FROM A BALCONY, I watch a squadron of ripWings rise from the Palatine landing pads up into the night. Their engines plume blue and shrink in the distance, leaving the Citadel wall behind and crossing the trees toward Hyperion.
The children are safe. And so is Ephraim. My own relief in knowing the bastard lives comes as a surprise to me. I’ve never been the forgiving type, but I feel pity for the man and his pain. I recognized the fear in him when he saw the Obsidian the Sovereign’s men captured. He’s a man. Like my father, like my brothers, raised in a place without love, trampled by the same clumsy Republic that brought us from the mines. I can’t hate him any more than I can hate myself.
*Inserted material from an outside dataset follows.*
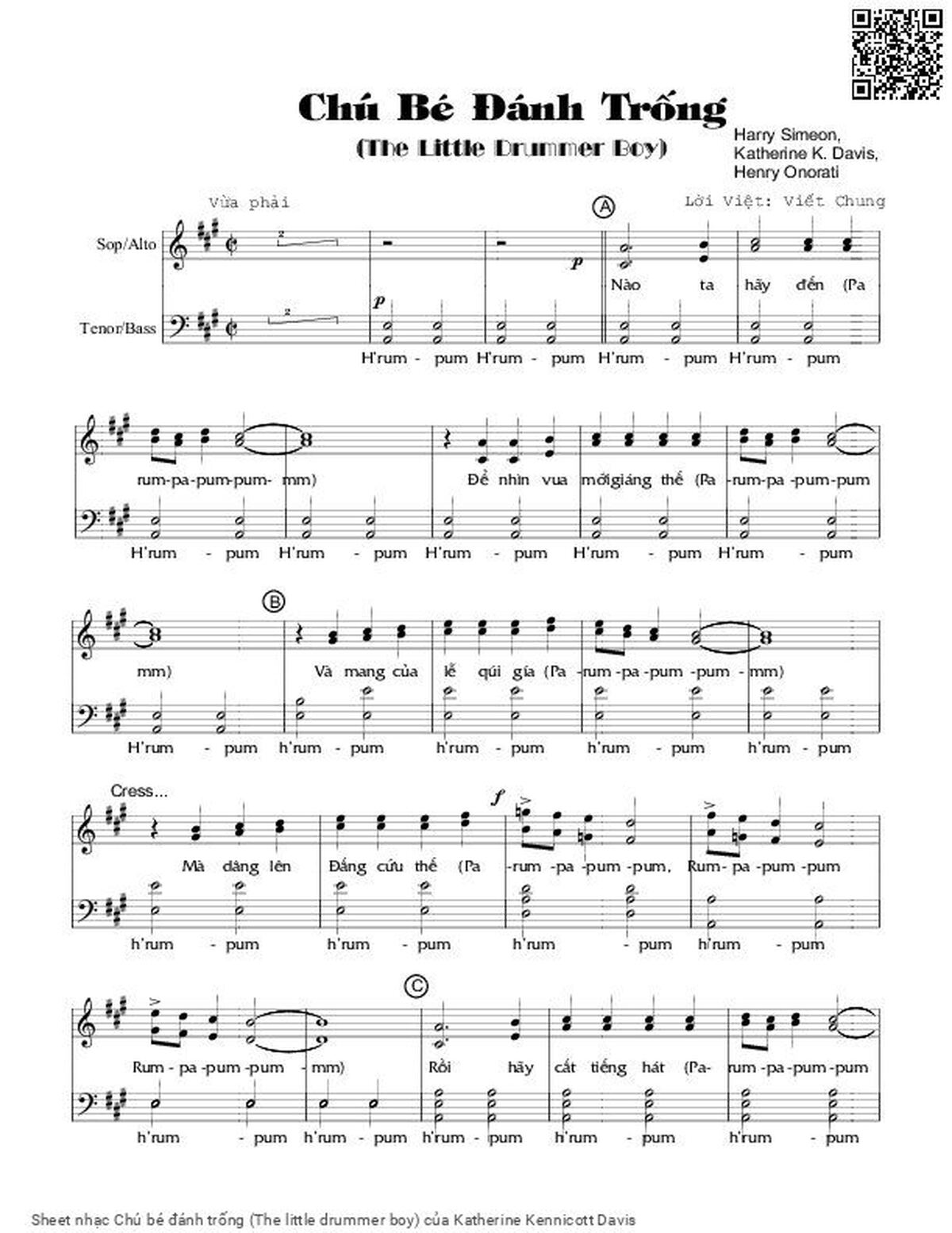 Phần nghe hát Chú bé đánh trống (The little drummer boy) (Katherine Kennicott Davis) được nhúng từ Youtube, Musescore hoặc link ngoài và chịu sự kiểm soát bản quyền của bên thứ ba đó, vì vậy có thể bị xóa hoặc chèn quảng cáo bất kỳ lúc nào. Nếu bạn không nghe - xem được ca sĩ hát tức là đã bị Youtube hoặc Musescore kiểm soát.

Maybe that isn’t forgiveness, but it’s all I have to give.
Just because he has pain doesn’t mean he should bring others into it.
That’s on him.
Holiday stands motionless beside me, watching the ships, a wistful expression caged by the hard lines of her face. The Sovereign held her back from the mission. Says it was because she hasn’t slept in forty-eight hours, but even I know it’s because of Holiday’s connection to Ephraim. There’s no forgiveness in the hard woman. I wonder if she was always this intense.